- _INPUT MATERIAL_:

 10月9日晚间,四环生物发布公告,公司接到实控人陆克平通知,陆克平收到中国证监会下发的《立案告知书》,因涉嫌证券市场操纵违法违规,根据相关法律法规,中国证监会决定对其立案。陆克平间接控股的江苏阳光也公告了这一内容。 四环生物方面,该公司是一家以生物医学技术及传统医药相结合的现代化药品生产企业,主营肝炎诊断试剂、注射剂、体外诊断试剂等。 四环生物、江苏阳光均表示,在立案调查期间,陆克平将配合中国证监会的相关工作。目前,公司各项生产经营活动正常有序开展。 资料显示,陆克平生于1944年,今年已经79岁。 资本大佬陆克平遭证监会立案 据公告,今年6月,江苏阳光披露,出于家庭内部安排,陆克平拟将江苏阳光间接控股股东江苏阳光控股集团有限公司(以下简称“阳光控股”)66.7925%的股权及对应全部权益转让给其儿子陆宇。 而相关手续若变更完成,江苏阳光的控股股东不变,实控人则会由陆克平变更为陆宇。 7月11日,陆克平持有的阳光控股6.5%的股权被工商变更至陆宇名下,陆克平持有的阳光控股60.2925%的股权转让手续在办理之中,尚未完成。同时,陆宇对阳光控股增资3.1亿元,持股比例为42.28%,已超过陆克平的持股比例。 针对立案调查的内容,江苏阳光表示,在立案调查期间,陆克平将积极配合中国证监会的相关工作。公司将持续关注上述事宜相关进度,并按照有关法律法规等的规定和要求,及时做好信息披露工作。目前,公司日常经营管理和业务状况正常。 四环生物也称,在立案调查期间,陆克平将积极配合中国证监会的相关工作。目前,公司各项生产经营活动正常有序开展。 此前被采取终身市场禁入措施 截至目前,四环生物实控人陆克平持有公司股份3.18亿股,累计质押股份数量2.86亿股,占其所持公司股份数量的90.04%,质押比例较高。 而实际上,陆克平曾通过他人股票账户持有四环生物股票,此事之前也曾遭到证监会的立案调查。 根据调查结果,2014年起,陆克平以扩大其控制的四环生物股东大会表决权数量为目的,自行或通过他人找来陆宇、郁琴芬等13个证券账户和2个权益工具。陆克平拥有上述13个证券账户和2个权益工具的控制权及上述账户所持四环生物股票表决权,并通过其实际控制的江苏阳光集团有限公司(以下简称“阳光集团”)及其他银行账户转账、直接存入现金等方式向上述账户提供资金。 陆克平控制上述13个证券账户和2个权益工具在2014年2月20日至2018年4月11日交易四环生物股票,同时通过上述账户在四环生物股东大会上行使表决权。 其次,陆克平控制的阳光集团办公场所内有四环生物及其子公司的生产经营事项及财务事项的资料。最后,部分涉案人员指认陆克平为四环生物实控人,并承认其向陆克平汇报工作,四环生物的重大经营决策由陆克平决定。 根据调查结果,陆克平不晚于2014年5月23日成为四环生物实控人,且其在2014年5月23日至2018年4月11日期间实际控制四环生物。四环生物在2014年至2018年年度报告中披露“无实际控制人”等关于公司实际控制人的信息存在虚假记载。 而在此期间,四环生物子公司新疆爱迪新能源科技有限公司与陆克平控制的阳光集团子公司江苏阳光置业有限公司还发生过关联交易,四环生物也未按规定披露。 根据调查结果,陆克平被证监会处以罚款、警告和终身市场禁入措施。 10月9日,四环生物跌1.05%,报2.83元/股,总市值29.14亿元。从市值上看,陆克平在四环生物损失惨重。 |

--

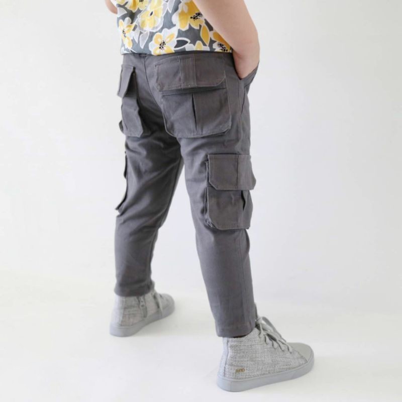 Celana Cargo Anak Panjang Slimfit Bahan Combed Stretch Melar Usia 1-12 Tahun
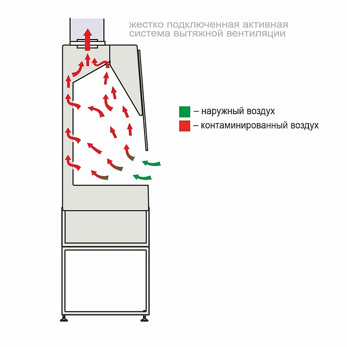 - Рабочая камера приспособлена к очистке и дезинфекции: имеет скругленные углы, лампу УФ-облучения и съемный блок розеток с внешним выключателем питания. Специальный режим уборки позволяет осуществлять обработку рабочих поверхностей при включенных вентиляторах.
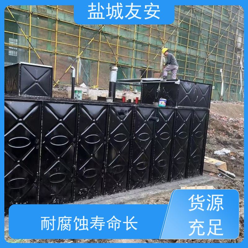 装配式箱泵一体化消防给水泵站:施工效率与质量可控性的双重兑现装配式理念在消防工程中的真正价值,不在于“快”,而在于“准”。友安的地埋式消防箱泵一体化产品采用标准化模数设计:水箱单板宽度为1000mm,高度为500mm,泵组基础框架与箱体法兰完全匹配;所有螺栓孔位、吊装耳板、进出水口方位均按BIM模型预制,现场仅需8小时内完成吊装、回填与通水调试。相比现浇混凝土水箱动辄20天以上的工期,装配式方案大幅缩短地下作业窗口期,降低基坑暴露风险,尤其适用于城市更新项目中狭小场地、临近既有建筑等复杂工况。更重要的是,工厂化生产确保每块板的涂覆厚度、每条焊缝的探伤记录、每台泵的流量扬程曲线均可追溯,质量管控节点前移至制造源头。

- _WHAT YOU HAVE TO DO_: Every line above in the stretch from the one with "Celana Cargo Anak" through the one with "- Рабочая камера" is to be transcribed exactly, ends included. No picture is copied.

- _PROBLEM SOLUTION_:
 Celana Cargo Anak Panjang Slimfit Bahan Combed Stretch Melar Usia 1-12 Tahun
 - Рабочая камера приспособлена к очистке и дезинфекции: имеет скругленные углы, лампу УФ-облучения и съемный блок розеток с внешним выключателем питания. Специальный режим уборки позволяет осуществлять обработку рабочих поверхностей при включенных вентиляторах.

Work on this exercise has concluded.